A couple of reminders of America's seeming determination to turn its scientific pastures into wastelands arrived this week, and the picture is scary.
One came courtesy of the embassy of Sweden, which earlier this week hosted nine new American Nobel laureates for a symposium about their work. (Hat tip to Business Insider for catching the event first.) Prompted by questions from the audience, the discussion turned to the sorry state of government funding for basic research in the U.S. As Yale's James E. Rothman, one of three laureates in medicine, observed, the purchasing power of grants from the National Institutes of Health has declined by 28% over the last seven or eight years.
What's worse, he said, is that much of that funding is going to bureaucratically dictated research, not to promising young scientists following their noses in basic science. "I doubt very much that in today's environment I would have been able to do the work that led to my sitting here today," he said.
Berkeley's Randy W. Schekman, a co-winner in medicine, said that the drying up of funding in the U.S. is reversing the trend of researchers coming to the U.S. from abroad to make their discoveries. "Scholars from Europe and Asia who came here specifically because of funding opportunities are now returning to their countries." Those countries now are much more attuned than America to "the promise of investing in basic science."
The damage is enduring, Rothman stated. Over five years, World War II destroyed Europe's 50-year record of "leadership in chemistry, physics, medicine...it took 50 years to rebuild. We are absolutely as vulnerable today....We are really at a danger point right now."
A second warning shot was published this week by Science. Adapted from a speech delivered more than a year ago by William H. Press of the University of Texas, then the president of the American Assn. for the Advancement of Science, the piece documented how much basic research has contributed to the growth of the U.S. economy, and therefore how much is at risk from government's declining investment.

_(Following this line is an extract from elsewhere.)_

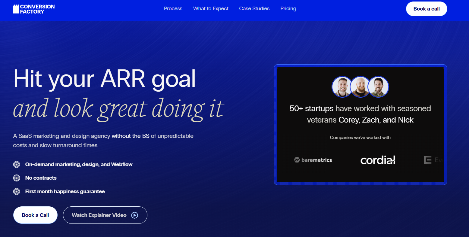 Clients like Workday and Podium have seen 20–50% lifts on funnel pages, and Spiralyze claims an average 38% boost in conversions in the first 90 days. They handle everything in house, design, dev, research, copywriting, and coding, so nothing gets lost in translation. Translation: they move fast and they win often.

"Basic research leading to scientific discovery is... a public good," Press wrote. "It will benefit all." But because it's hard for private enterprise to extract direct benefits from it, the private sector underinvests in it. That's why the government role is crucial.

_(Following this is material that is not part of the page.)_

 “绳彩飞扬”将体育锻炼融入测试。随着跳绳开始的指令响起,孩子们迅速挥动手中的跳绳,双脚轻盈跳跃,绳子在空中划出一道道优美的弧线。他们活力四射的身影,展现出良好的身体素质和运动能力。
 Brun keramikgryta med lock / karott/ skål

But over the last 50 years, the government's share of total research and development funding has fallen from more than 60% to about 30%. That's seed corn that's not getting planted. Meanwhile, industry investment in basic research is stagnating. As the graphic above shows, America's investment in basic research handily outstrips that of all other industrialized countries--but as a percentage of gross domestic product we're behind Korea, Japan, Sweden, Finland and Israel. Consequently, we're also behind several other countries in scientists and engineers per capita.

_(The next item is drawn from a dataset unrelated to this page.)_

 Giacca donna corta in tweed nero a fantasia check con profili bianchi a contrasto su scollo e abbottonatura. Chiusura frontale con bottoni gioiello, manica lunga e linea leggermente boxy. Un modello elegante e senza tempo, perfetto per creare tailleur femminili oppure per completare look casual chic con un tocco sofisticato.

The situation, Press says, "is dangerous. Short-term actions in a time of budget crisis and financial austerity might become the triggers of long-term underinvestment in the ultimate fuel of economic growth, basic research in science."
The right strategy for America, Press says, is to be patient investors. The U.S. is still in the club of nations investing a healthy 3% of their GDP in basic research. But we risk falling out of the club because of the insistence of policy makers on seeing short-term results. Science doesn't work that way. But if we continue to shortchange our universities and scholars working on basic research, our entire position in the world is threatened.